Luego nos quedo pasar al atardecer, del Salar de Arizaro al Salar de Antofalla por un cruce de montaña increíble que termina en un caracol impagable donde se baja de 4.200 msnm a 3.000 msnm en apenas 1,5 Km. Manuel nos esperaba en Antofalla con todo armado, menos la comida, (porque no quería que se pase la carne).
En seguida nos repartimos las habitaciones y nos sentamos a comer un corderito espectacular (las costillitas estaban buenísimas) con una ensalada “de lo que me quedo “ improvisada de cebolla y ajíes verdes y rojos.
El miércoles nos fuimos levantando de a poco y desayunamos tranquilos en un día que se preveía tranquilo.
Fuimos descubriendo las formas de Antofalla, este hermoso pueblito escondido entre montañas al borde de uno de los salares mas bonitos de nuestro país.

La ubicamos a Mirta, la directora de la escuela de Antofalla y le hicimos entrega de varias cosas que le llevamos para los chicos. Y ella nos invito a conocer la escuela y a los chicos.
La buscamos a Tatiana, una nena de 10 años que conocimos en viajes anteriores para darle unos lentes que ella necesita y que gentilmente dono Martín Acebras de Óptica Molinari y lamentablemente no estaba en el pueblo.
Había ido a ver a unos parientes en Antofagasta así que veríamos la posibilidad de encontrarla allá.
Por las dudas le dejamos a su abuela los 2 anteojos con sus correspondientes estuches y los 2 juegos de vidrios de reemplazo que nos mando gentilmente Martín, para que la nena tenga lentes para rato.

Nuestro guía Adolfo no estaba esperándonos en Antofalla, tal como habíamos quedado y Manuel no sabia nada de el, así que seguimos con nuestro itinerario.
De camino entramos a los Ojos del Campo...una serie de pequeñas lagunas de colores diferentes en medio del Salar de Antofalla que asombran e intrigan y nos dejan el interrogante de saber el porque de sus colores.

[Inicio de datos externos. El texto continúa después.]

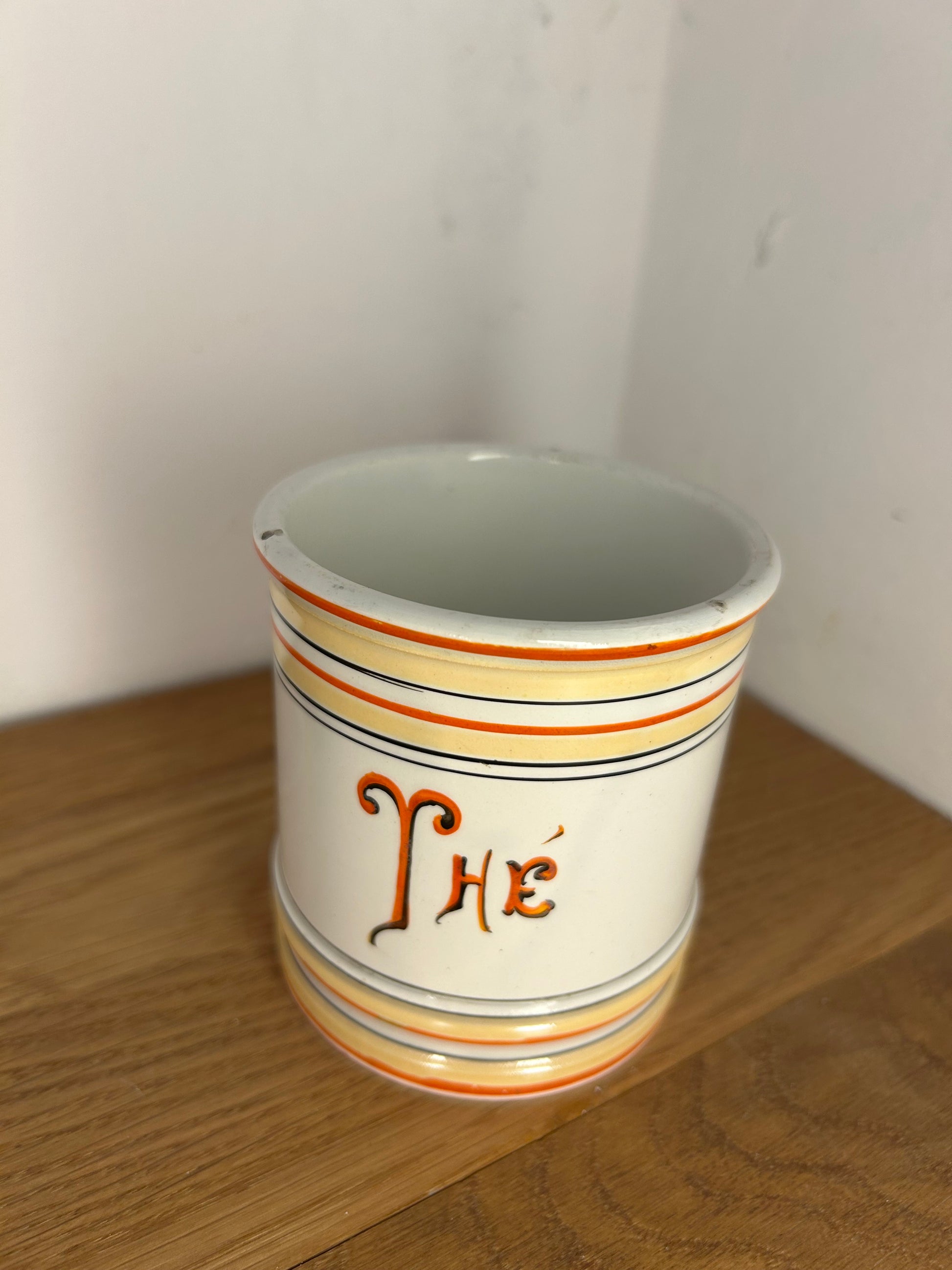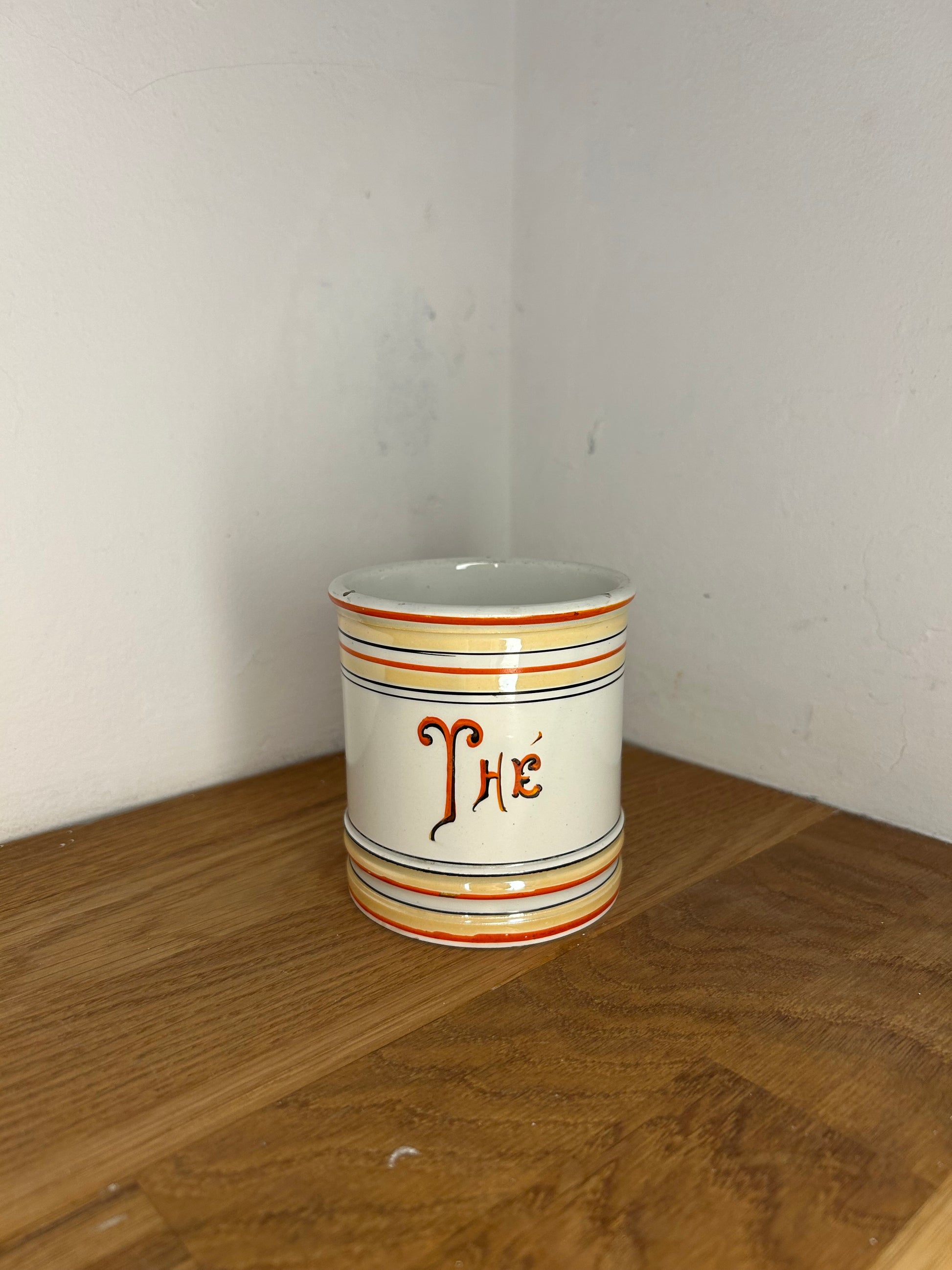French vessel with ‘thé’ painted with stripes. Unlidded. Stamped on the base ‘Vieillard & Cie‘

Además nos paso algo extraño que nunca nos había ocurrido.
Encontramos un Flamenco Rosado que en soledad se resistía a alejarse.
Levantaba vuelo ante nuestra cercanía pero volvía al mismo lugar y fue allí que nos dimos cuenta que estaba protegiendo su nido tardío, el huevo era el motivo de su soledad y del porque no había emigrado aun.
Pudimos sacarle fotografías sin molestar demasiado al ave y sin tocar absolutamente nada de su nido.

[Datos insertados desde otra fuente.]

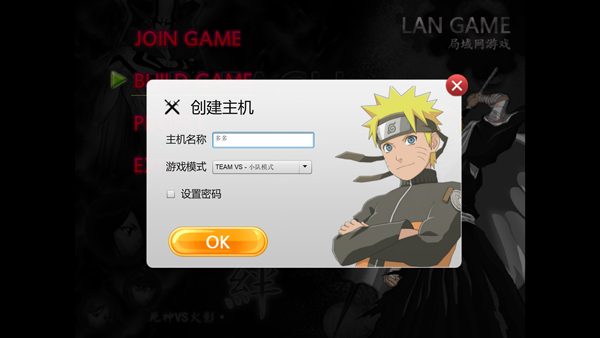 3、然后给主机命名,并选择游戏模式,点击OK;
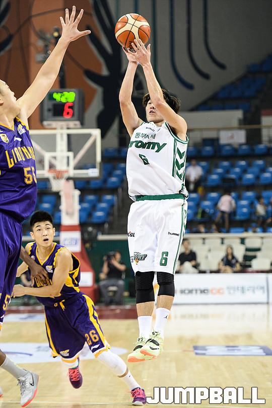 5일 잠실 학생체육관에서 열린 '2015 KCC 아시아 프로농구 챔피언쉽' 중국 랴오닝과 원주 동부의 경기, 동부 두경민이 미들슛을 시도하고 있다.
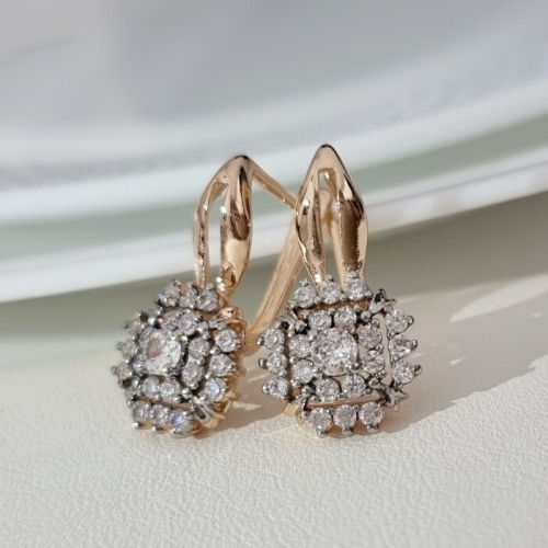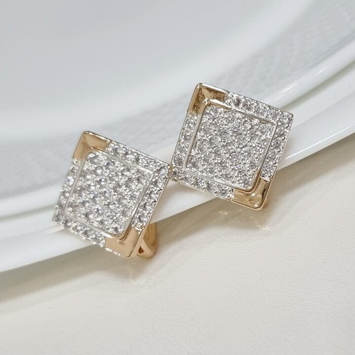 Серьги ювелирная бижутерия Дубайское золото, с покрытием позолотой 18К, вставка: фианиты, цвет: прозрачный, арт.216.257
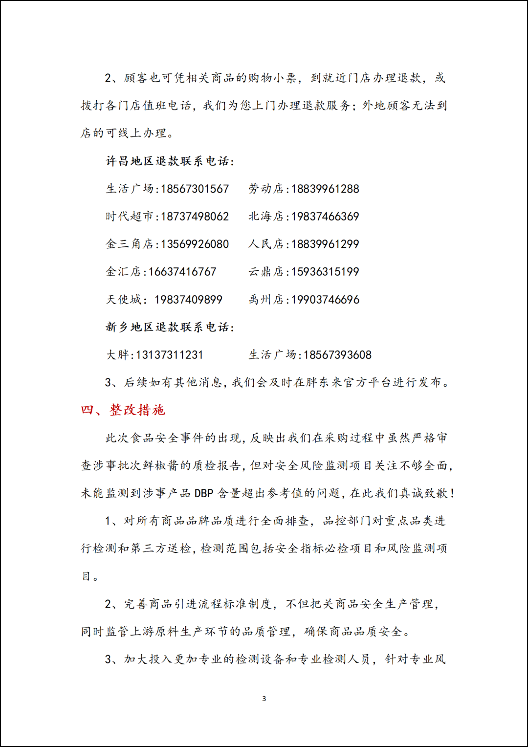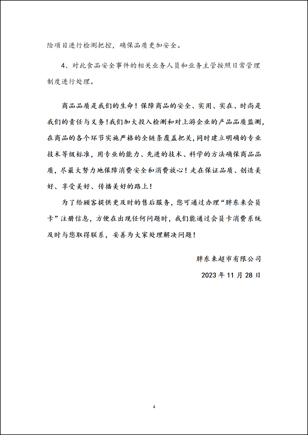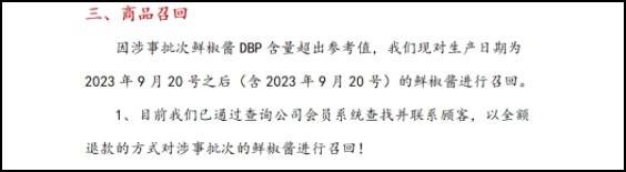 繼“東北農(nóng)嫂甜玉米”事件之后,胖東來又一次宣布召回商品。 《零售網(wǎng)》獲悉,11月28日,新鄉(xiāng)胖東來超市在官方微信公眾號(hào)發(fā)布了一份關(guān)于“山海好兄弟鮮椒醬”的召回公告。 公告中指出,由于鮮椒醬DBP含量超過了參考值,胖東來決定以全額退款的方式進(jìn)行召回。同時(shí),他們向消費(fèi)者表示了誠摯的歉意,并公布了一些整改措施。 這已經(jīng)不是胖東來第一次進(jìn)行商品召回了。之前,他們?cè)驗(yàn)椤皷|北農(nóng)嫂甜玉米”和“沙土牌話梅味西瓜子”的價(jià)格事件進(jìn)行了商品召回并全額退款。 而這次“山海好兄弟鮮椒醬”召回事件,胖東來從事情起因、調(diào)查經(jīng)過、商品召回、整改措施等方面的公開透明,體現(xiàn)了胖東來的認(rèn)真、專業(yè)和嚴(yán)謹(jǐn)態(tài)度。 胖東來對(duì)這次召回事件進(jìn)行了深入的調(diào)查,還制作了一份長達(dá)4頁的調(diào)查報(bào)告,這無疑也超市同行樹立了一個(gè)典范。 以下為原文: 一、事件起因 河南省市場(chǎng)監(jiān)督管理局按照《2023 年河南食品安全風(fēng)險(xiǎn)監(jiān)測(cè)計(jì)劃》有關(guān)要求,2023年10月09日,對(duì)胖東來新鄉(xiāng)大胖店經(jīng)銷的山海好兄弟鮮椒醬(微辣) 進(jìn)行安全風(fēng)險(xiǎn)監(jiān)測(cè),結(jié)果顯示樣品中鄰苯二甲酸二丁醋 (DBP) 實(shí)測(cè)值為1.20mg/kg,高于參考值≤0.3 mg/kg,為問題樣品。 二、調(diào)查經(jīng)過 我們收到市場(chǎng)監(jiān)督部門《食品安全抽樣檢驗(yàn)風(fēng)險(xiǎn)隱患告知書》后立即通知下架所有乳山好兄弟食品有限公司生產(chǎn)的相關(guān)產(chǎn)品,將庫存的商品進(jìn)行封存,并成立調(diào)查小組,安排人員到廠家實(shí)地調(diào)查,從原輔料、包裝材料等各方面進(jìn)行排查,并將相關(guān)多批次樣品送至第三方檢測(cè)機(jī)構(gòu)進(jìn)行檢測(cè),全面落實(shí)批次產(chǎn)品風(fēng)險(xiǎn)項(xiàng)目鄰苯二甲酸二丁醋(DBP) 實(shí)測(cè)值高于參考值的原因。 (一) 抽查產(chǎn)品信息 (二) 調(diào)查結(jié)果及原因 檢測(cè)排查結(jié)果為生立日期在 2023年9月20號(hào)之后的鮮椒醬生產(chǎn)原料中的黃豆醬 DBP 含量高于參考值 0.3mg/kg,其原因?yàn)辄S豆醬在生產(chǎn)或儲(chǔ)存運(yùn)輸過程中,由所接觸的塑料類器具遷移到食品中引起。 (三) 對(duì)于鄰苯二甲酸二丁醋 (DBP) 的補(bǔ)充說明 鄰苯二甲酸二丁醋 (DBP) 為增塑劑?捎糜谑称钒b材料,不是食品原料,也不是食品添加劑。按照我國目前食品容器、包裝材料用添加劑使用衛(wèi)生標(biāo)準(zhǔn),DBP 遷移到食品中的最大量不得超過0.3mg/kg。 據(jù)食品安全標(biāo)準(zhǔn)與監(jiān)測(cè)評(píng)估司官方網(wǎng)站顯示: 1、DBP 急性毒性較低。動(dòng)物實(shí)驗(yàn)表明 DBP 具有內(nèi)分泌干擾作用嚙齒類動(dòng)物長期攝入該類物質(zhì)可造成生殖和發(fā)育障礙,但目前尚缺乏臨床案例及人體健康損害的直接證據(jù),也沒有證據(jù)表明其具有致癌作用。動(dòng)物試驗(yàn)發(fā)現(xiàn),絕大部分 DBP 在 24-48 小時(shí)內(nèi)會(huì)隨尿液或糞便排出體外,一般不會(huì)在體內(nèi)蓄積。 2、國家食品安全風(fēng)險(xiǎn)評(píng)估專家委員會(huì)通過檢索國際權(quán)威網(wǎng)站分析科學(xué)文獻(xiàn)資料后認(rèn)為,對(duì)于 60kg 體重的人來講,每天攝入不超過 0.6mg 的 DBP 是安全的。根據(jù)本次《食品安全風(fēng)險(xiǎn)監(jiān)測(cè)檢驗(yàn)報(bào)告》顯示,“山海好兄弟鮮椒醬”(規(guī)格: 225g/瓶)DBP 實(shí)測(cè)值為 1.2mg/kg:即每人每日食用不超過 500g (約 2 瓶)的“山海好兄弟鮮椒醬”不會(huì)超過安全值。 三、商品召回 因涉事批次鮮椒醬DBP含量超出參考值,我們現(xiàn)對(duì)生產(chǎn)日期為2023年9月20號(hào)之后 (含 2023 年9月20號(hào)) 的鮮椒醬進(jìn)行召回。 1、目前我們已通過查詢公司會(huì)員系統(tǒng)查找并聯(lián)系顧客,以全額退款的方式對(duì)涉事批次的鮮椒醬進(jìn)行召回! 2、顧客也可憑相關(guān)商品的購物小票,到就近門店辦理退款,或撥打各門店值班電話,我們?yōu)槟祥T辦理退款服務(wù),外地顧客無法到店的可線上辦理。 3、后續(xù)如有其他消息,我們會(huì)及時(shí)在胖東來官方平臺(tái)進(jìn)行發(fā)布。 四、整改措施 此次食品安全事件的出現(xiàn),反映出我們?cè)诓少忂^程中雖然嚴(yán)格審查涉事批次鮮椒醬的質(zhì)檢報(bào)告,但對(duì)安全風(fēng)險(xiǎn)監(jiān)測(cè)項(xiàng)目關(guān)注不夠全面未能監(jiān)測(cè)到涉事產(chǎn)品DBP含量超出參考值的問題。在此我們真誠致歉! 1、對(duì)所有商品品牌品質(zhì)進(jìn)行全面排查,品控部門對(duì)重點(diǎn)品類進(jìn)行檢測(cè)和第三方送檢。檢測(cè)范圍包括安全指標(biāo)必檢項(xiàng)目和風(fēng)險(xiǎn)監(jiān)測(cè)項(xiàng)項(xiàng)目。 2、完善商品引進(jìn)流程標(biāo)準(zhǔn)制度,不但把關(guān)商品安全生產(chǎn)管理同時(shí)監(jiān)管上游原料生產(chǎn)環(huán)節(jié)的品質(zhì)管理,確保商品品質(zhì)安全。 3、加大投入更加專業(yè)的檢測(cè)設(shè)備和專業(yè)檢測(cè)人員,針對(duì)專業(yè)風(fēng)險(xiǎn)項(xiàng)目進(jìn)行檢測(cè)把控,確保品質(zhì)更加安全。 4、對(du

El camino que nos quedaba hasta Botijuela es imponente.
Recorrer una mínima huella por el borde blanco del salar, pegadito a la montaña.
Un paso alto que nos deja a la vista toda la vega de Botijuela, la bajada y una sorpresa... un río de sal que cruza el camino y obliga a bajar a estudiar el terreno que esta demasiado blando.
Parece un simple paso de agua pero es profundo y ablanda todo el terreno a su alrededor.
La prudencia es una de las cosas que priman en este tipo de Safaris donde es conveniente no tener grandes pérdidas de tiempo.

La entrada a Botijuela estaba muy brava...había demasiada agua y la vega estaba muy cargada de barro profundo.
Logramos cruzarla, pero se nos complico en la subida. Hubo que rescatar a una de las camionetas que se salio del camino y se encajo hasta la puerta en el barro de la vega.
Algo se desencajo adelante y la camioneta se quedo sin tracción delantera.
La dejamos allí y repartimos a la gente para seguir subiendo hasta alcanzar nuestro objetivo.

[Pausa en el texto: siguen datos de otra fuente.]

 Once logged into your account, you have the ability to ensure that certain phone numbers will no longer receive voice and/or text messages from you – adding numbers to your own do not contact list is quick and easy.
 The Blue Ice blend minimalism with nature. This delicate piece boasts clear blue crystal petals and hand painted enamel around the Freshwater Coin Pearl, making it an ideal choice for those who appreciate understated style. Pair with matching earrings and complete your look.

El Geiser nos esperaba y sorprendía a todos a medida que iban subiendo.
El único habitante de Botijuela no estaba y en cambio nos recibió su hermano quien amablemente nos recibió mostrándonos todo.
El paisaje es increíble desde allí y el surgente de agua caliente estaba a pleno en la pileta natural termal de piedra que esta al borde del precipicio.
Ese balcón mágico nos maravilla siempre, debe ser uno de los lugares más bellos que vi en mi vida.

De allí a Las Quinuas fue un trámite corto que recorrimos en grupos separados haciéndole la pata a la camioneta averiada.
El grupo grande fue con Rubén de guía por “arriba de la montaña “y yo acompañe por abajo a nivel del salar a la camioneta que estaba sin doble.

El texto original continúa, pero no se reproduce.